Personal information
- Born: 24 June 1957 (age 69) Malmö, Sweden

Chess career
- Country: Sweden
- Title: Grandmaster (1988)
- FIDE rating: 2410 (July 2026)
- Peak rating: 2598 (July 1989)

= Harry Schüssler =

Swedish chess grandmaster (born 1957)

Harry Schüssler (born 24 June 1957) is a Swedish chess Grandmaster (GM) (1988), two-time Swedish Chess Championship winner (1976, 1978), Chess Olympiad individual silver medal winner (1980).

==Biography==
From the mid-1970s to the end of the 1980s, Harry Schüssler belonged among the top Swedish chess players.
He achieved his first international success at the turn of 1972/73, taking 3rd place in the traditional junior chess tournament in Hallsberg. In 1975, in Tjentište Harry Schüssler represented Sweden in World Junior Chess Championship and together with Adam Kuligowski shared 5th-6th place. He twice won Swedish Chess Championship: in 1976 and 1978.

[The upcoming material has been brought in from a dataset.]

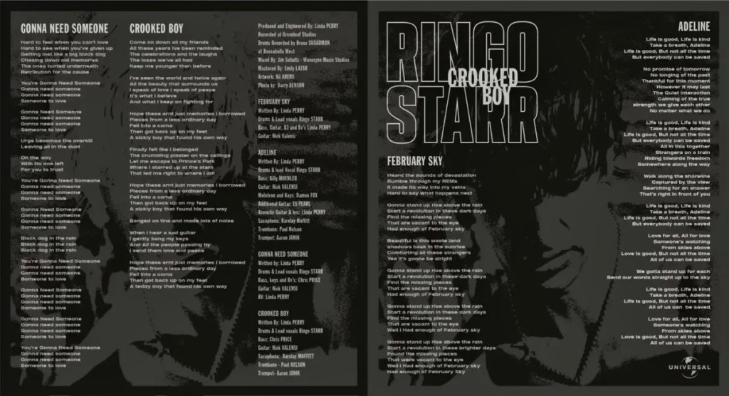Written and produced by Songwriter’s Hall Of Famer Linda Perry, Crooked Boy features four brand-new tracks from Ringo. The EP also includes guitar performances on every song from Nick Valensi of The Strokes.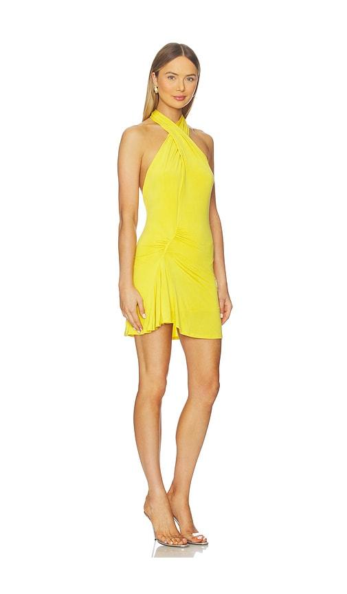 PEACHY DEN KYLIE HALTER KNOT DRESS IN YELLOW.

Harry Schüssler successes on the International Chess tournaments include, among others:
- 1st place (1978/79) in Rilton Cup tournament in Stockholm,
- 1st place (1978) in Eksjö,
- 1st place (1983) in Gausdal,
- shared 1st place (1986) in Malmö,
- 2nd place in Reykjavík (1981, in Nordic Chess Championship, behind Knut Jøran Helmers),
- shared 2nd place in Kiel (1979, together with Włodzimierz Schmidt),
- shared 2nd place in Hamburg (1980, together with Bojan Kurajica),
- shared 2nd place in Copenhagen (1988)

Harry Schüssler played for Sweden in the Chess Olympiads:
- In 1976, at fourth board in the 22nd Chess Olympiad in Haifa (+1, =3, -3),
- In 1978, at first reserve board in the 23rd Chess Olympiad in Buenos Aires (+2, =5, -2),
- In 1980, at fourth board in the 24th Chess Olympiad in La Valletta (+5, =3, -1) and won individual silver medal,
- In 1982, at second board in the 25th Chess Olympiad in Lucerne (+1, =7, -1),
- In 1984, at fourth board in the 26th Chess Olympiad in Thessaloniki (+1, =6, -2),
- In 1988, at second board in the 28th Chess Olympiad in Thessaloniki (+1, =5, -2).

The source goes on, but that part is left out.